He’d pictured himself engaged by thirty-four. At least living together. Not starting over from scratch.
Briar’s nails continue to click softly against the screen.
“I also set up a Grindr account,” she adds. “Just in case.”
* * *
“NINETY-SEVEN DOLLARS FOR a vibrator?” Radhya stage-whispers over the store’s trip-hop soundtrack. “Does it hold a charge for three years or something?”
“That actually would be a useful advancement in vibrator technology.” Ari runs her hand along the sleek white floating shelf, brushing hand-sized objects in hot pink, deep purple, and teal, like tiny replicas of fine art.
The price tag doesn’t quite trigger Ari’s usual sense of sticker shock because Cass insists on splurging on expensive accessories.
Insisted. The three-drawer bedside table might be gone, but the toys themselves are still there—tossed in a Captain Morgan box Ari picked up from the liquor store down the block.
The sex-toy store had been Radhya’s idea, a bold act of self-care. It doesn’t feel like self-care, though. Too many of the customers at CreamPot resemble Cass from the back. For the entire two-and-a-half years of their relationship, Ari never mistook random strangers on the sidewalk or the train for her wife.

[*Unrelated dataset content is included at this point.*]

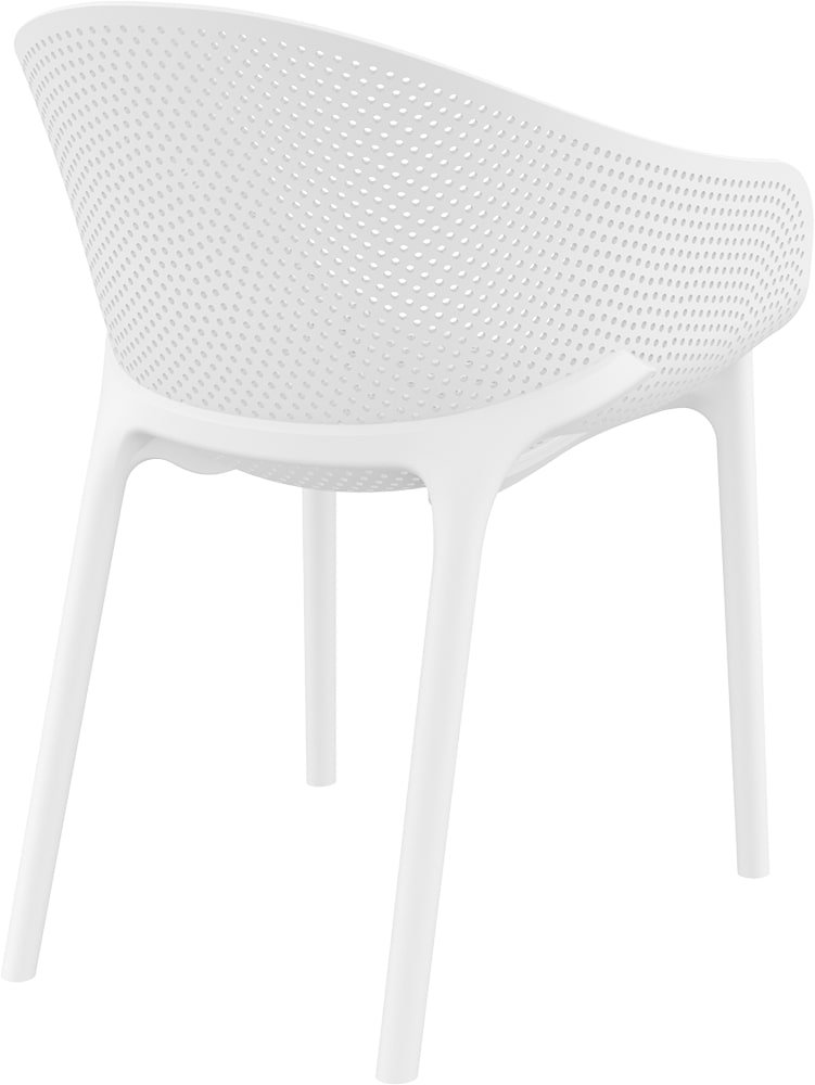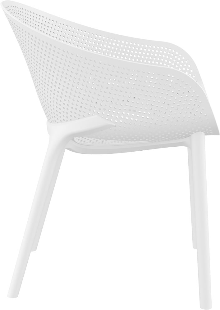 Maak kennis met de Siesta Sky Pro stoel in stijlvol wit, ontworpen om jouw comfort en stijl naar een hoger niveau te tillen. Met zijn geperforeerde zitting biedt deze stoel een moderne draai aan klassieke elegantie. De ademende perforaties zorgen voor een verkoelend en luchtig zitcomfort, perfect voor warme zomerdagen.

Suddenly, Cass doppelg?ngers in black blazers and undercuts pop up like whack-a-moles across the city.
Last year, Cass and Ari attended an ethical non-monogamy workshop. They filled out more than half of The Jealousy Workbook. They wrote out a Google doc outlining the new boundaries of their marriage. Physical (not emotional) intimacy with other people would be fair game. Threesomes? Yes, please. For about nine months, it was a perfect blend of stable relationship and exciting new adventures.
And then August rolled around. Cass moved two hours north for a semester-long visiting professorship at Bard and decided that the Google doc hadn’t gone far enough.
“We can unchain ourselves from the hierarchy,” she’d said during one of their video calls, “where couples”—she’d used air quotes—“are prioritized over other relationships.” While Cass leafed through her Moleskin, paraphrasing the relationship anarchy tenets she’d heard about on a TED Talk, Ari was half-listening, half-wondering about the emotional intensity of her wife’s “other relationships.”
To be fair, Cass always hated hierarchy.
“Love is abundant,” Cass reassured her. “It’s overflowing.”
But a month later, she had apparently run out of love for Ari.
She’d never left before. Not like this.
The past few weeks have been like living underwater—everything’s blurry and distorted. Ari doesn’t even remember putting on her least-flattering pair of jeans and an old hoodie this morning. She has no memory of getting on the train or meeting Rad at her restaurant’s loading dock after the brunch shift.
Ari had intended to finish one of her freelance writing projects last night. Instead, she woke up at five a.m. on a mostly deflated air mattress, with a string of drool on the pillowcase, disoriented by the blank walls, just one nonsensical incomplete sentence in her open Google doc.
She’s been picking at it all day, tapping out mediocre punch lines on her phone and deleting them.
The writing was Gabe’s idea—one of his many side hustles. It’s a platform for “creative entrepreneurs” called NeverTired where strangers pay professional comedians to craft wedding toasts, bat mitzvah speeches, even sermons.
Jokes written for her own stand-up material: none. Work-in-progress scripts opened: zero. One-off writing gigs that take way too much time and pay just enough to create the illusion that it’s worth the effort? Seventeen in the past two weeks.
Plus, she doesn’t have to leave the apartment.
It’s the little things that are getting tougher to brush aside. The stuff you barely notice while you’re in the relationship suddenly require phone calls and paperwork to undo. Which utility bills are in Cass’s name? Are they going to stay on the same Verizon family plan? Will they continue to share Cass’s mother’s Comcast log-in?
Instead of one giant knot, it’s a tangled mess of yarn.
“Are you still texting Cass?” Radhya asks, holding up a harness across her hips. “I told you to block her.” She puts down the harness and tilts her head. “Please tell me you did not send her another nude—”
“I’m trying to finish this maid-of-honor speech,” Ari snaps, which is completely true and not technically a denial about sending Cass a very flattering image captured in the bathroom mirror last night.